• [WORKING DATA]
▼▼▼

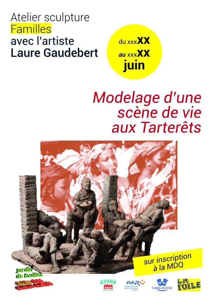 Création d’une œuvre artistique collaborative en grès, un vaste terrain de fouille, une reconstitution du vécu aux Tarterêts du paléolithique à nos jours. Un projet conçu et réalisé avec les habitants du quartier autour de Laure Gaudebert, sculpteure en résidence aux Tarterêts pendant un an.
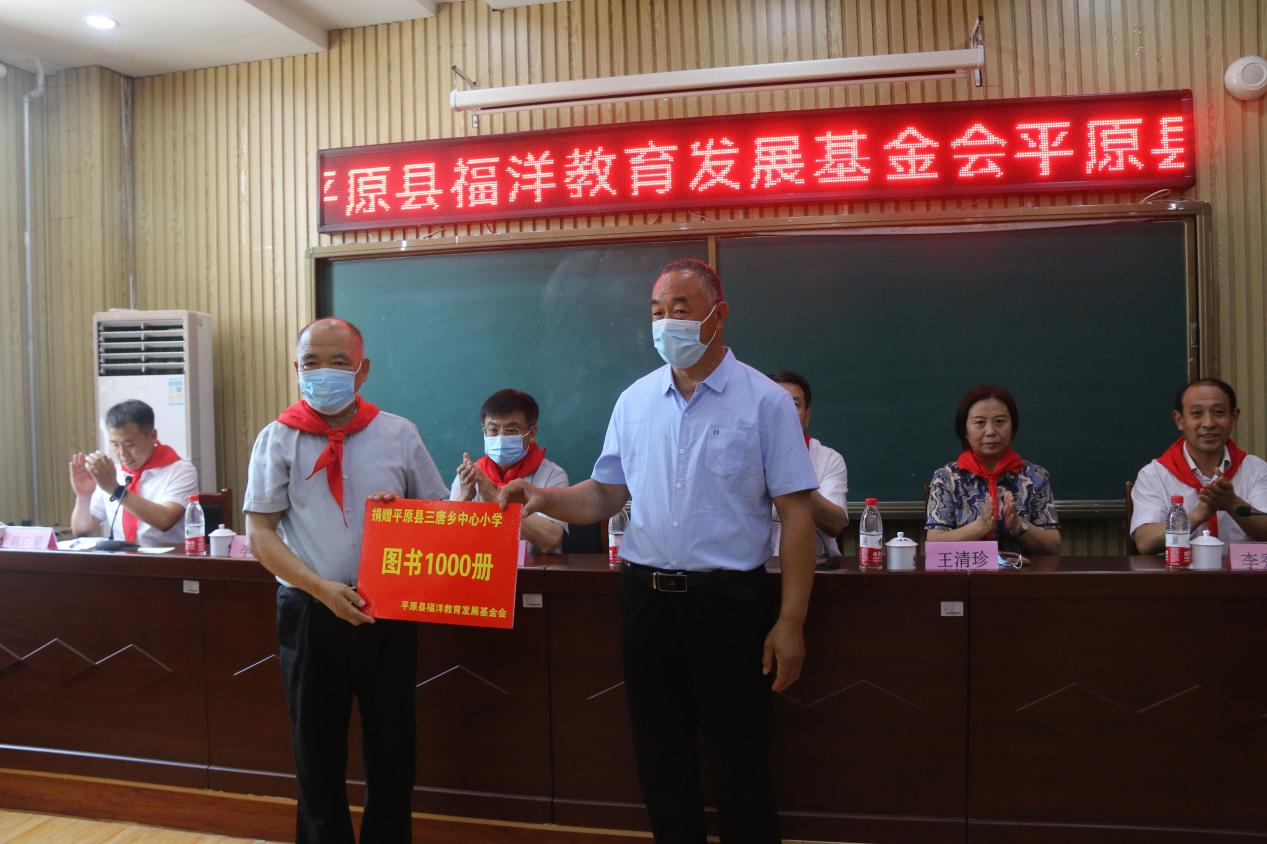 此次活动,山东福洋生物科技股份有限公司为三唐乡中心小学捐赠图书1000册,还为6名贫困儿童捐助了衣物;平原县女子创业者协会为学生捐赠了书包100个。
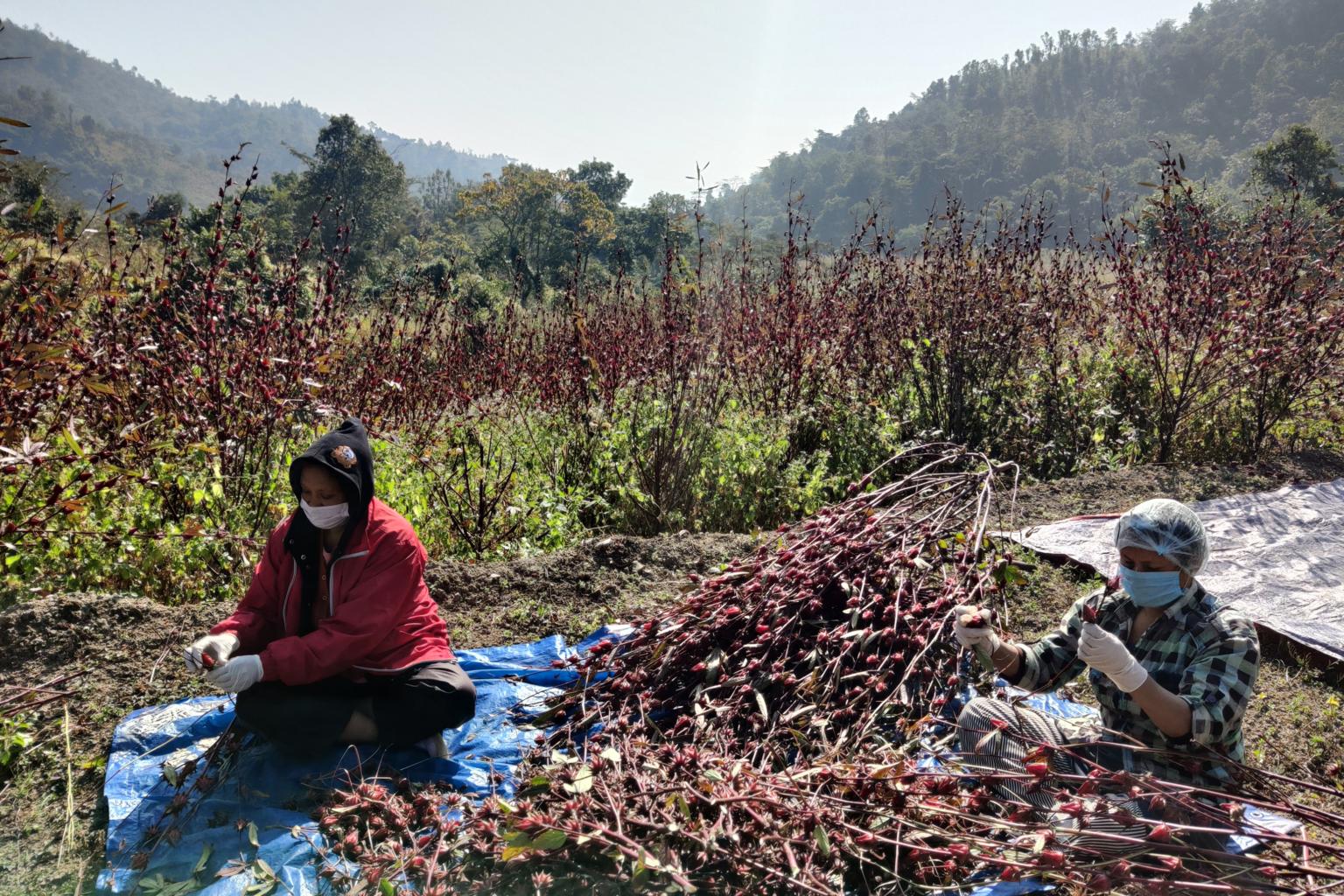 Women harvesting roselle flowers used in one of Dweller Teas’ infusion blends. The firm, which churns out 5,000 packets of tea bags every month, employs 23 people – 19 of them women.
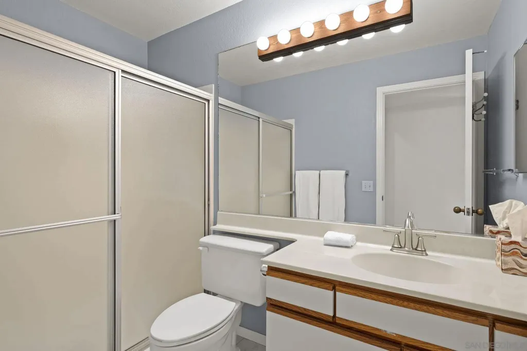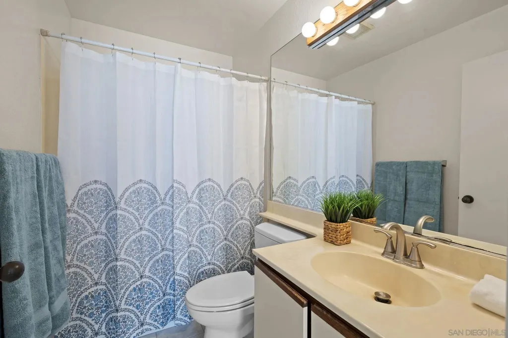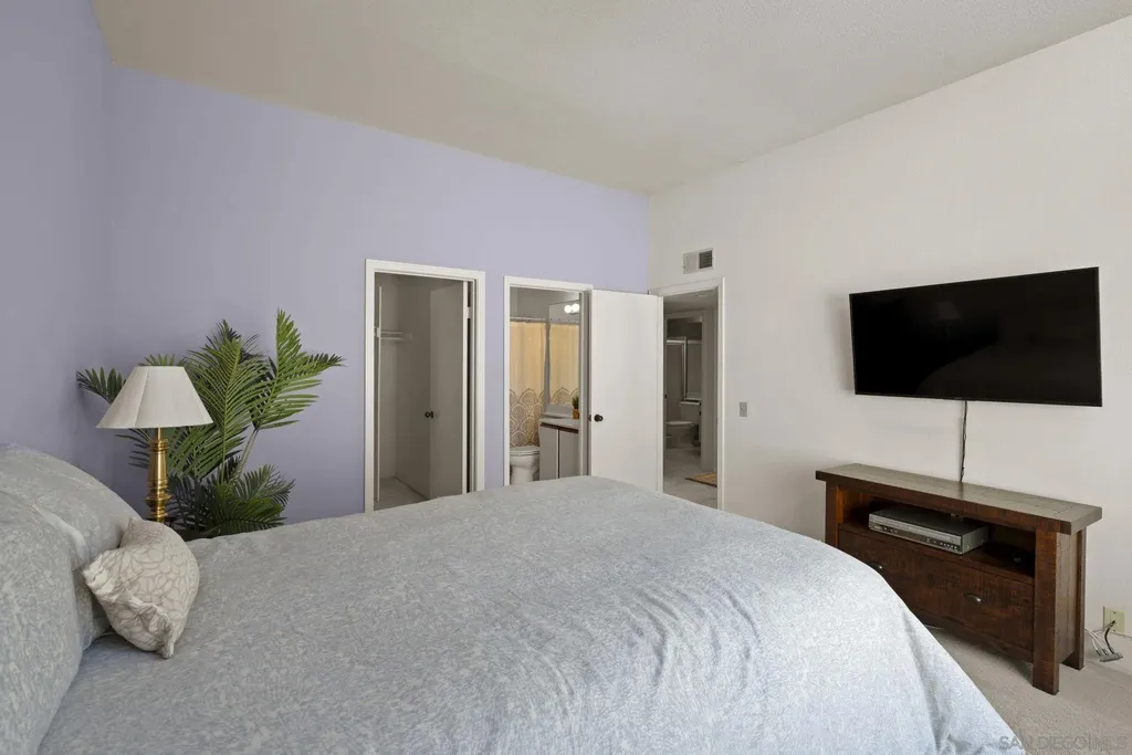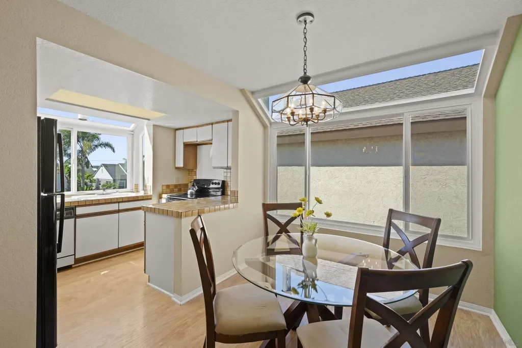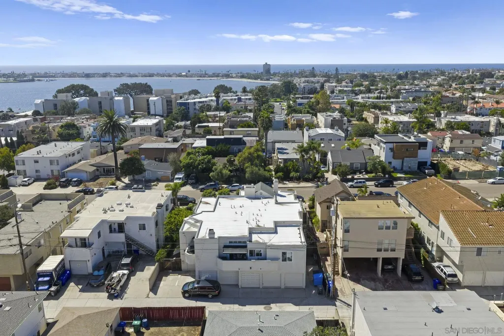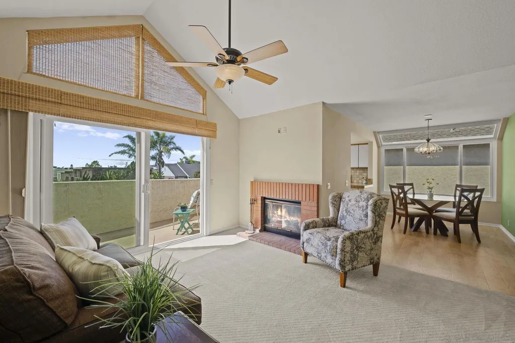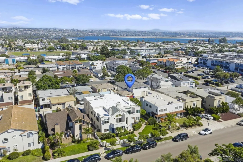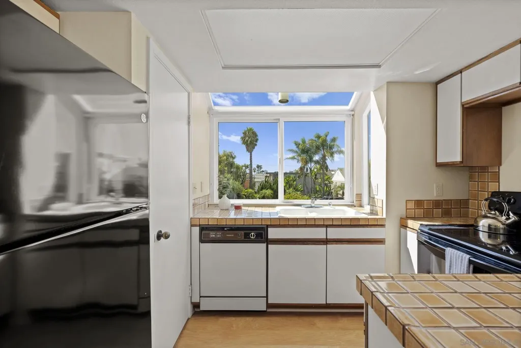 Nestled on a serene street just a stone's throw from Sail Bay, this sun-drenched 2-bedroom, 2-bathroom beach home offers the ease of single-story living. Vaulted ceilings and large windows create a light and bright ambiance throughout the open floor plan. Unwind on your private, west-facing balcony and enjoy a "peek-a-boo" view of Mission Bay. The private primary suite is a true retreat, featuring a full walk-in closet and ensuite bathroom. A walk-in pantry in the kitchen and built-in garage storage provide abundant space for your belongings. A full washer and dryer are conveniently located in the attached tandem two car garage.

▲▲▲
▼▼▼

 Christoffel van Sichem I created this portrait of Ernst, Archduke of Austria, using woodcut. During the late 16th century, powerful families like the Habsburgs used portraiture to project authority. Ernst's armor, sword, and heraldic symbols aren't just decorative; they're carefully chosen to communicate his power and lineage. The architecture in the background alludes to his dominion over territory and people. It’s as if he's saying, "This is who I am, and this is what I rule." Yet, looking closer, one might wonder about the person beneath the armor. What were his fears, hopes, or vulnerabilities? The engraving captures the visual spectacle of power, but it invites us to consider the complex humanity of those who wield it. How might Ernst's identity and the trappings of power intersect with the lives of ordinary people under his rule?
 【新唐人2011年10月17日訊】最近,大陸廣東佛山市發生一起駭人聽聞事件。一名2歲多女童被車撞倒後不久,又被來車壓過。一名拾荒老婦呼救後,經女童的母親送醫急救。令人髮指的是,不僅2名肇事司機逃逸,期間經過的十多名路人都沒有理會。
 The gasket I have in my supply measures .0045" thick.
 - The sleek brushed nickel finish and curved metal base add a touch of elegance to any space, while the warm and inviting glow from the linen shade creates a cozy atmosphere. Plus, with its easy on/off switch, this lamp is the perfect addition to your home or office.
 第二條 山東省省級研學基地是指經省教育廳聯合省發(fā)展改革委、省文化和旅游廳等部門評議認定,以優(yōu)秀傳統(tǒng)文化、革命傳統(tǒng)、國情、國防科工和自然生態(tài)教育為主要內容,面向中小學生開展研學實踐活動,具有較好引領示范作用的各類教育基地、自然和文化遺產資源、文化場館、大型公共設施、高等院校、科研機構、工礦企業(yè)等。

▲▲▲

• [WHAT YOU ARE ASKED TO DO] Having found the line with "Création d’une œuvre" and the line with "Women harvesting roselle" in the material above, write out exactly those two and every line between, leaving the pictures out.

• [RESPONSE TO THE TASK]
 Création d’une œuvre artistique collaborative en grès, un vaste terrain de fouille, une reconstitution du vécu aux Tarterêts du paléolithique à nos jours. Un projet conçu et réalisé avec les habitants du quartier autour de Laure Gaudebert, sculpteure en résidence aux Tarterêts pendant un an.
 此次活动,山东福洋生物科技股份有限公司为三唐乡中心小学捐赠图书1000册,还为6名贫困儿童捐助了衣物;平原县女子创业者协会为学生捐赠了书包100个。
 Women harvesting roselle flowers used in one of Dweller Teas’ infusion blends. The firm, which churns out 5,000 packets of tea bags every month, employs 23 people – 19 of them women.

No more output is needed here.